I'm back after a very very miserable and saddening week. I have loads to share but I don't know where to start from. I know this is a bad idea, anyways.
One thing I learned from everything that has happened to me in a week is that family, friends or whoever, when they say something so hurtful, something that makes you feel pain and sad only, you should fucking stand up and tell yourself, I am who I am.
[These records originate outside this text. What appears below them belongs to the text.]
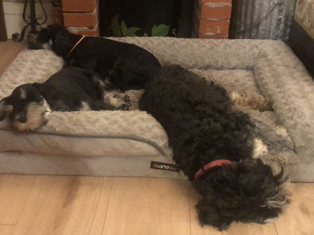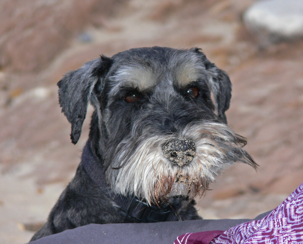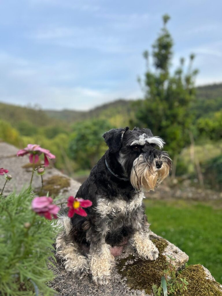 Una noche, mientras cenábamos con amigos, encontró el amor con un Schnauzer negro y plata. Dos meses después, en mi dormitorio, nació un solo cachorro: Gobi, llamado así por el desierto mongol. Tranquilo, sabio y profundamente conectado con nosotros.
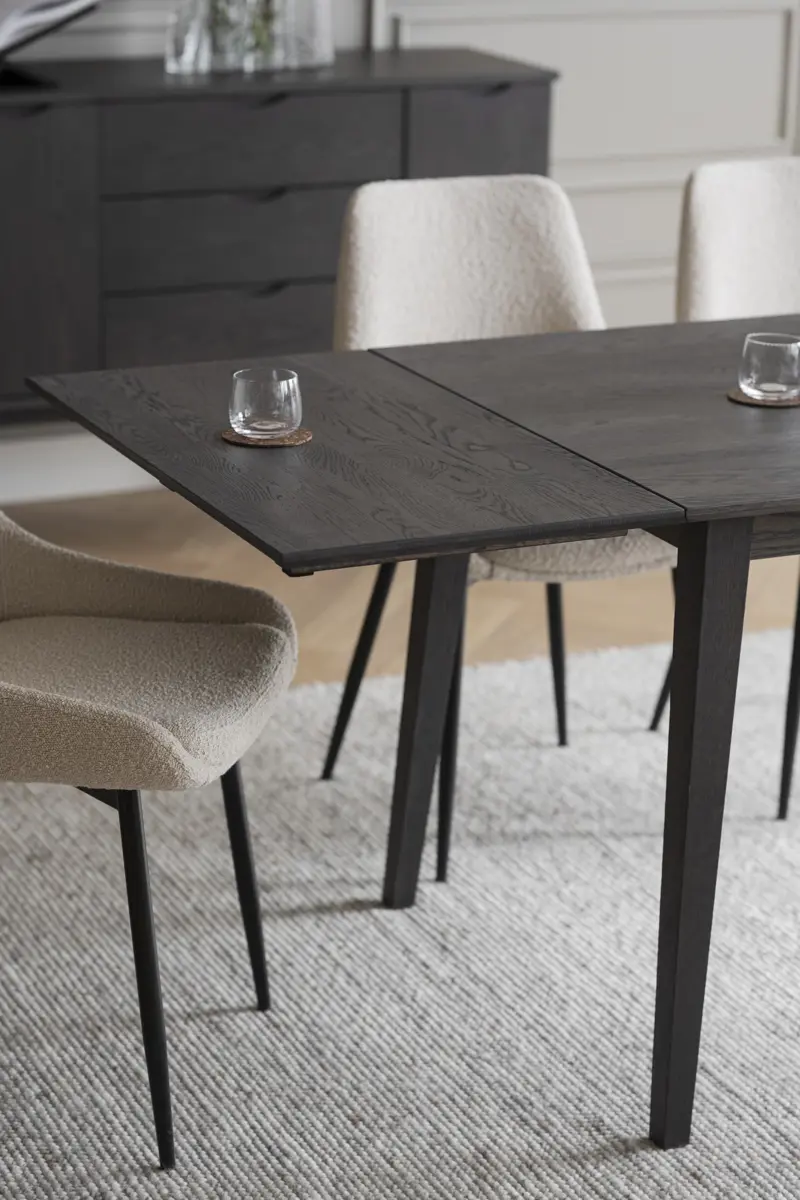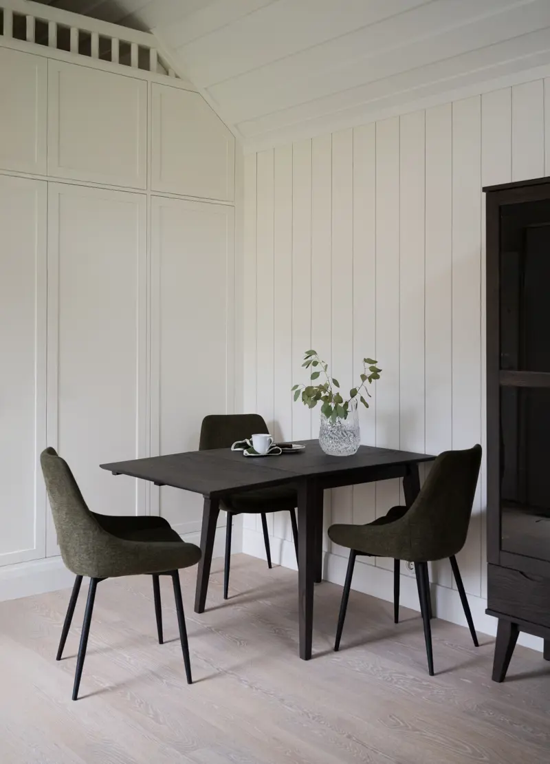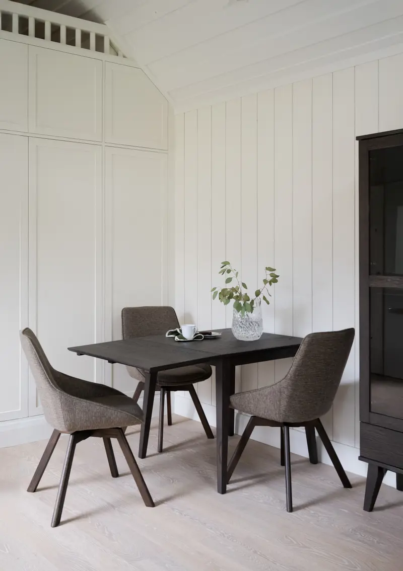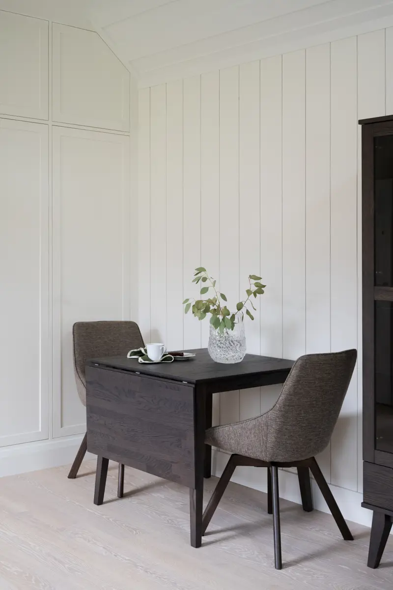 Filippa klaffbord i brunlackad massiv ek är ett mindre klaffbord i smidigt format med stilren och enkel design. Perfekt för det mindre boendet eller för dig som vill inreda smart och flexibelt. Bordet är 80 cm långt och har en fällbar klaff som ger plats för fler – maxlängd med uppfälld klaff är 125 cm. Matbordet består av 100% FSC-certifierat trä och är ett bra och hållbart val. Klaffbordet ingår i den tidlösa och populära kollektionen Filippa. Finns i flera färger och storlekar..
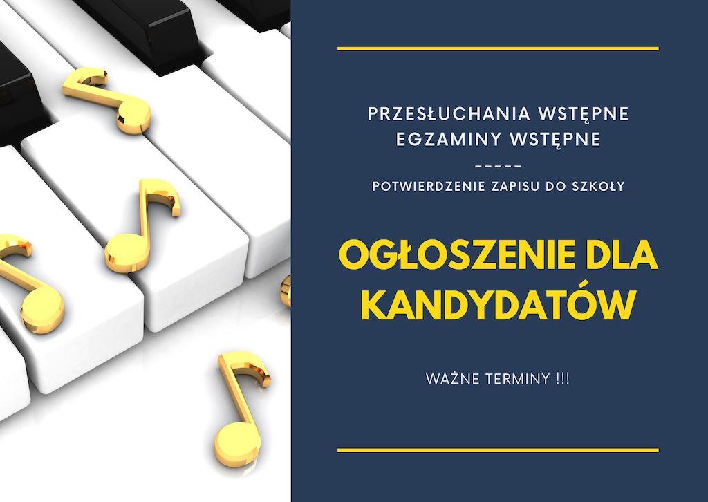 Zapraszamy do zapoznania się z dodatkowymi terminami badania przydatności (przesłuchań) do kształcenia muzycznego w szkole muzycznej I stopnia i terminami egzaminów wstępnych do szkoły muzycznej II stopnia. TERMINY PRZESŁUCHAŃ I EGZAMINÓW: Niepaństwowa Szkoła...
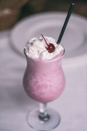 Partially blurred glass with berry milkshake with straw, whipped cream and cocktail cherry, on wooden table with white tablecloth. Vertical

Wanna kick me out of your life cause you think I don't respect you, please do. You don't deserve that from me. You don't deserve that from anyone. I am the kinda person who thinks everyone deserve respect. I'm so sorry that I didn't give you respect when I was around 13 or 14. That wasn't what I was trying to do because I was just so scared to talk to you cause you always judged me. You always comment on me. You always had something to say about me. You always had something on me. I felt so unacceptable around you. Even more I felt humiliated and embarrassed for being who I am and no ever should have feel that way. That feeling is brutal. Everyone wanted me to change change change but the thing that you all don't see is, I cant change who I am. You cant go around telling people its my mother's fault cause its not. She brought me up right. She taught everything about manners, it was me who lost my way because I wanted things that I felt comfortable in. So, I did what I did, deny listening to anyone. I was in that age to show my anger to everyone. I didn't care how old or who you are to me but now I know better. I know what I did than was wrong now.
But one thing, if I didn't do what I did and if I was force in everything from head to toes, you wouldn't be able to be reading this cause I wouldn't have been around to write this. The true fact is, I wasn't anyones favourite. I came in second always. Don't you dare say I'm wrong cause I am not. Because I know that. He was the gold prize and I was just a member in this family.